Since its inception, the IBM PC keyboard had a Caps Lock. In the first version for PC/XT, Caps Lock was located to the bottom right of the letter keys area. Subsequent models switched the places of the Caps Lock key and the Control key. As such, Caps Lock has since been placed on left edge of the keyboard, above the Shift key and below the Tab key, next to letter A. This layout has become the de facto popular standard.
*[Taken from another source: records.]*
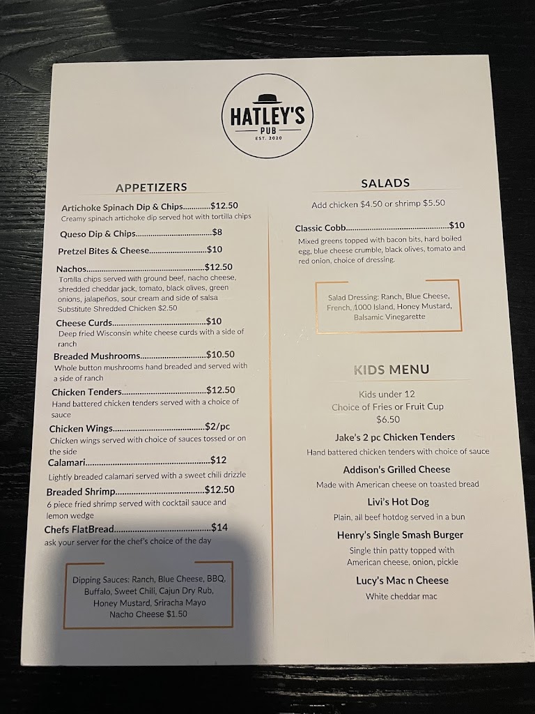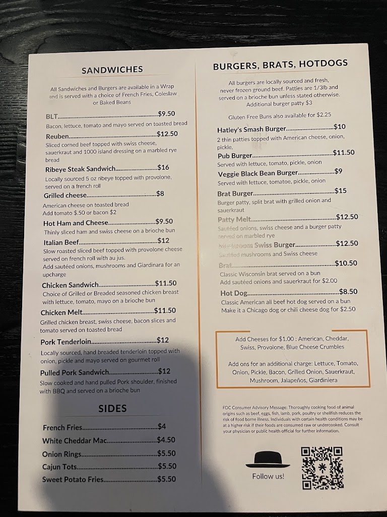 Great Menu, Service was fast, friendly, and on point. Food was beyond any other bar food I have ever had. Atmosphere was simple WI bar, but clean and fresh. Hatleys gets a 10 out of 10. FYI, the brat burger is fantastic.
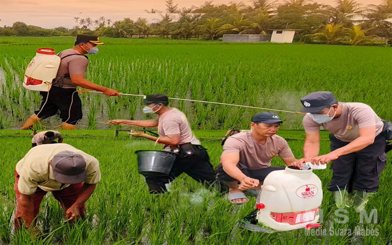 Kapolsek Kawasan Pelabuhan Gilimanuk, Kompol I Komang Muliyadi, S.H., M.M., memimpin kegiatan perawatan dengan penyemprotan tanaman dan pemupukan padi di lahan persawahan Desa Baluk, Kecamatan Negara, Kabupaten Jembrana.
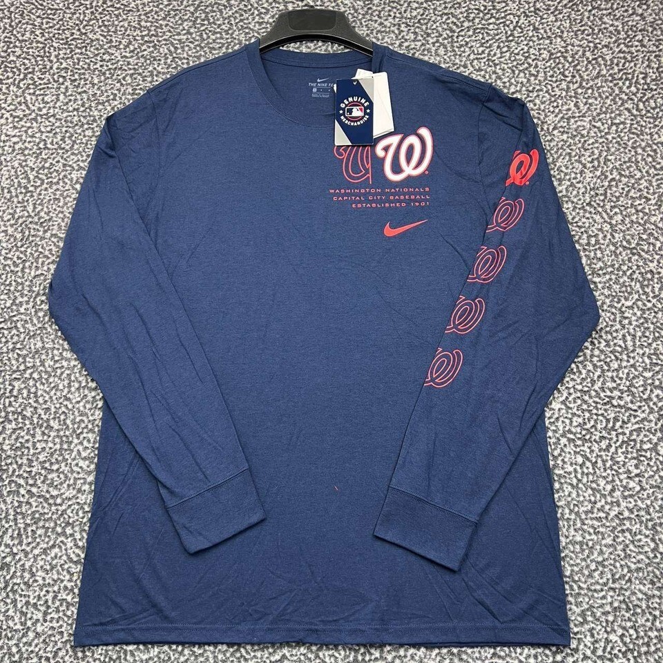 Nike Shirt Men Large Navy Washington Nationals Long Sleeve Crew Neck New L
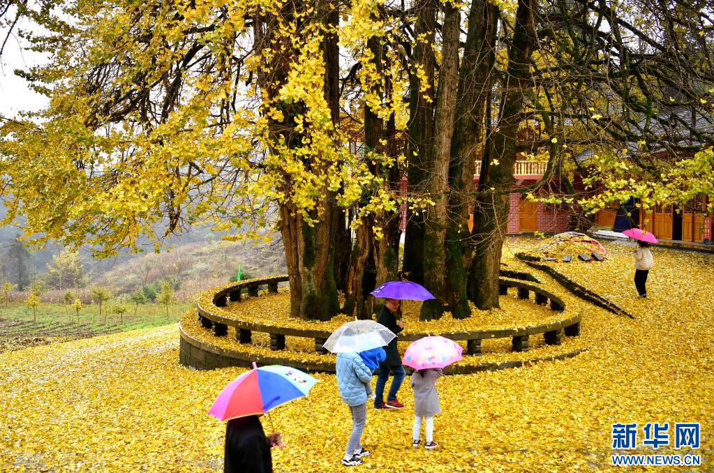 11月8日,在贵州省黔东南苗族侗族自治州黄平县飞云崖景区,游客拍摄银杏树。

The keyboards of some early computer terminals, including the Teletype Model 33 ASR and Lear-Siegler ADM-3A, the Apple II, and a few Apple Keyboard models retained the Control key where PC/XT first had it; Caps Lock was either absent on these devices or was placed elsewhere. This layout was preserved for later workstation systems and is often associated with Unix workstations. Keyboards from Sun Microsystems came in two layouts; "Unix" and "PC-style", with the Unix layout having the traditional placing of the Control key and other keys. The Amiga computers all had both the Control key and Caps Lock key in this spot at half the width.

Some users of keyboards with Caps Lock on the left remap the keys to exchange Control and Caps Lock, finding the traditional location more ergonomic for using programs benefiting from use of the Control key. Keyboard layout preferences specifically to address this need are available in some operating systems. Some keyboards even provide a switch on the bottom to logically swap the two keys in hardware.
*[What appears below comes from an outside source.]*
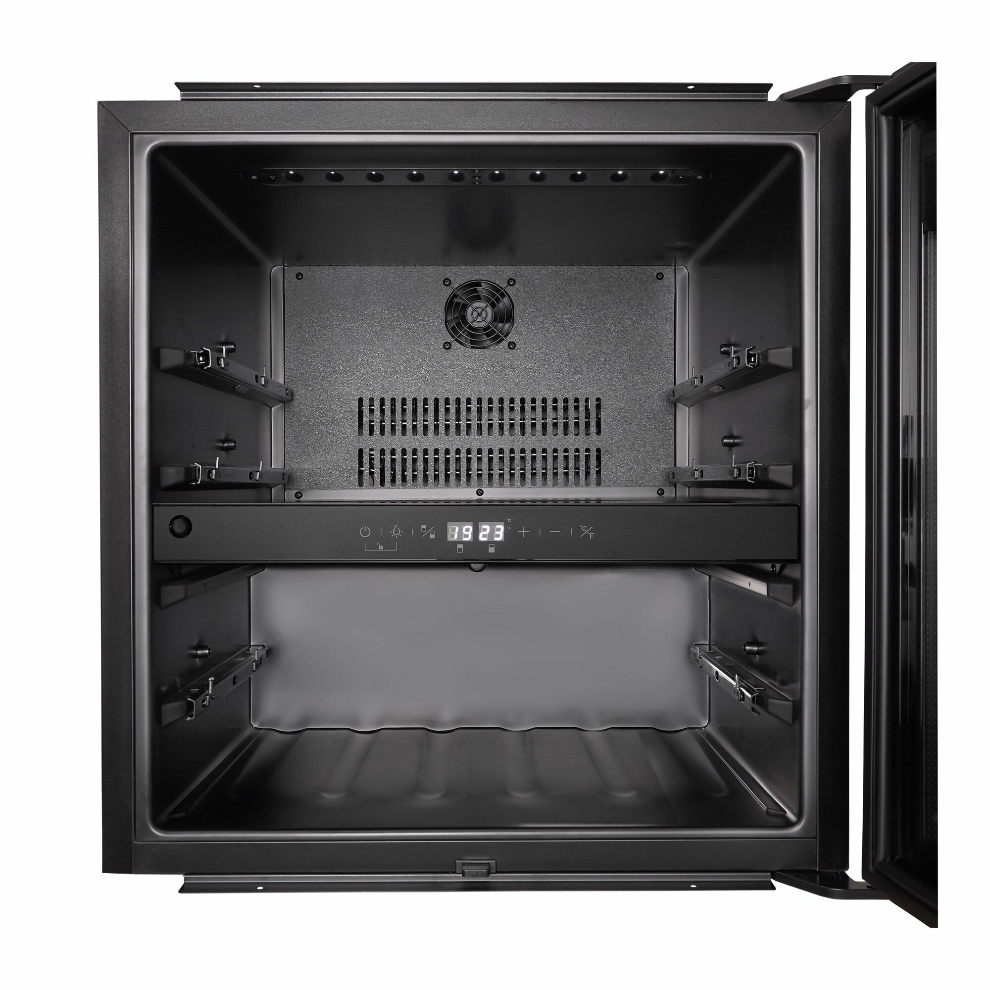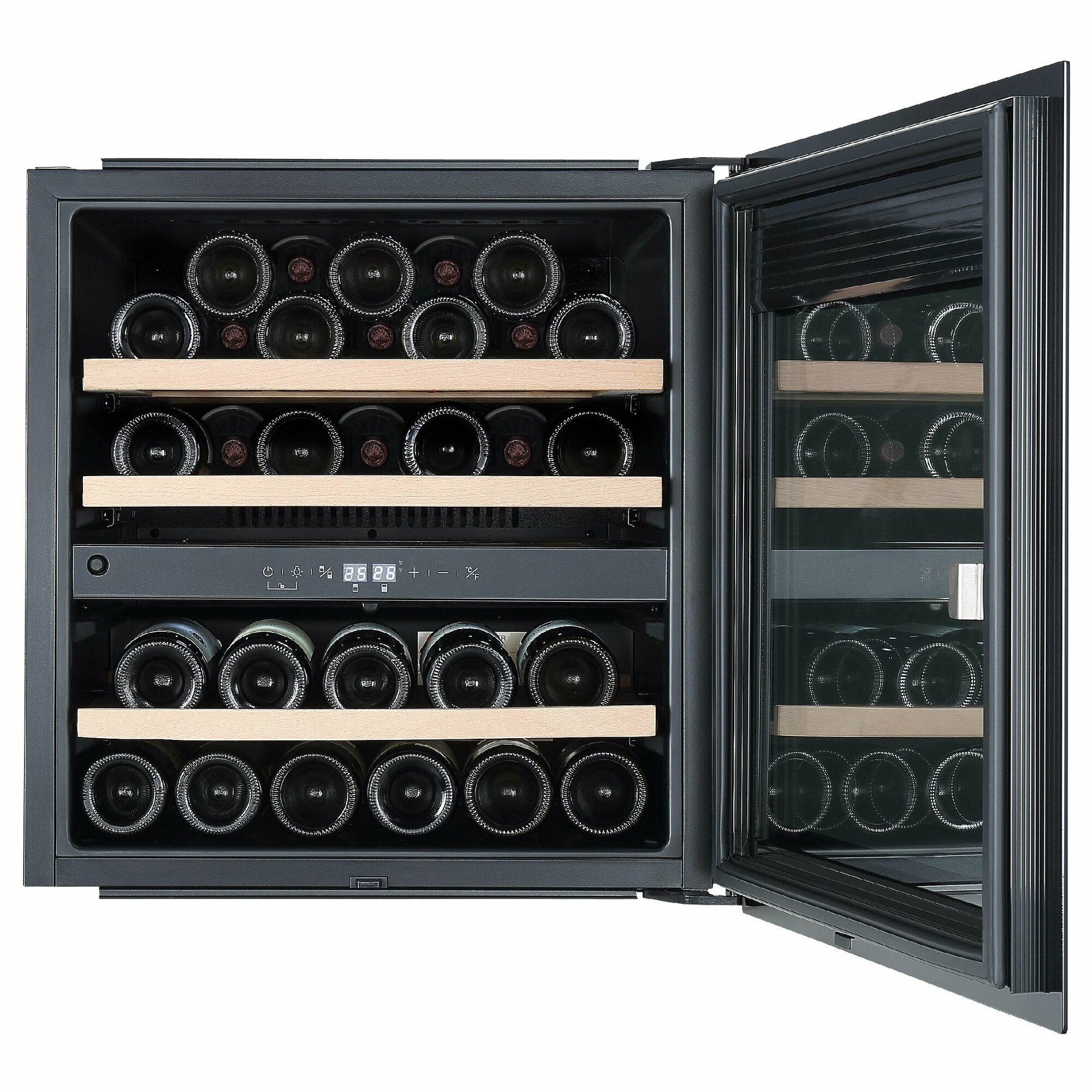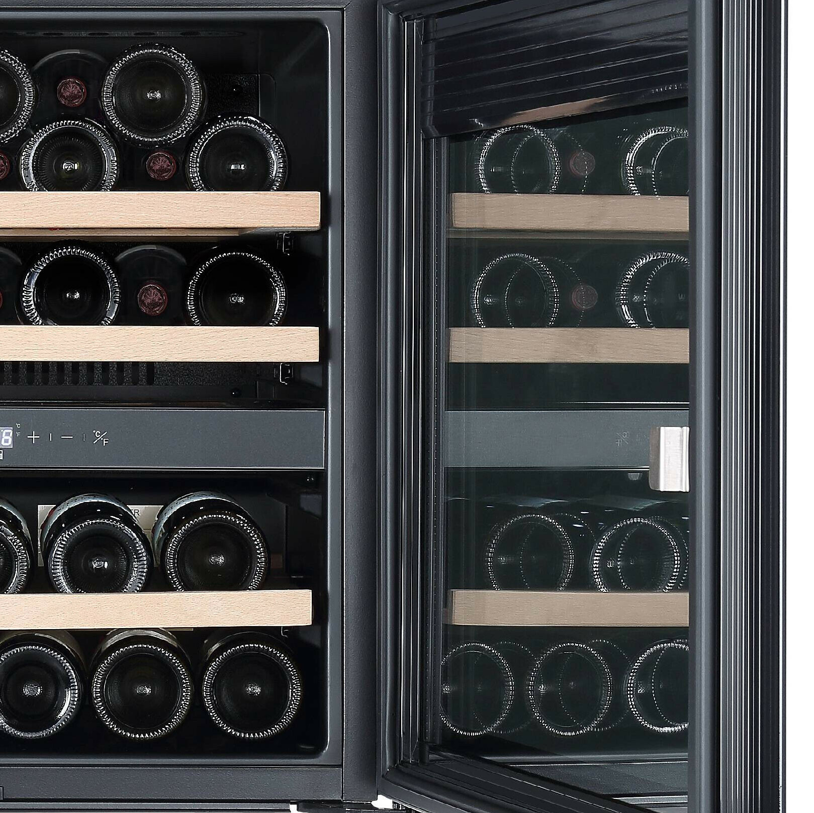 дисплей, Антивибрационная система, Винная камера, Вправо, Дизайнерское оформление, Открывающиеся вправо, Светодиодная подсветка, Сенсорное открывание дверей, Сенсорное открывание двери 2 температурные зоны, Система контроля влажности

The Happy Hacking Keyboard and the keyboards produced for OLPC XO computers also have the Control key in this location, while not including a Caps Lock. Popular alternative English keyboard layout Colemak replaces Caps Lock with an additional Backspace key by default. Beginning with the Google Cr-48, Chromebooks have omitted Caps Lock in favor of either a Search button or an "Everything Button". Holding down Alt and pressing the Everything Button enables Caps Lock, which is enabled until Shift is pressed.

== Observances ==
June 28 and October 22 are semiannually observed as International Caps Lock Day as a parody holiday created in October 2000 by Derek Arnold, a user on MetaFilter. The second observation on June 28 was added by Arnold in memory of American pitchman Billy Mays.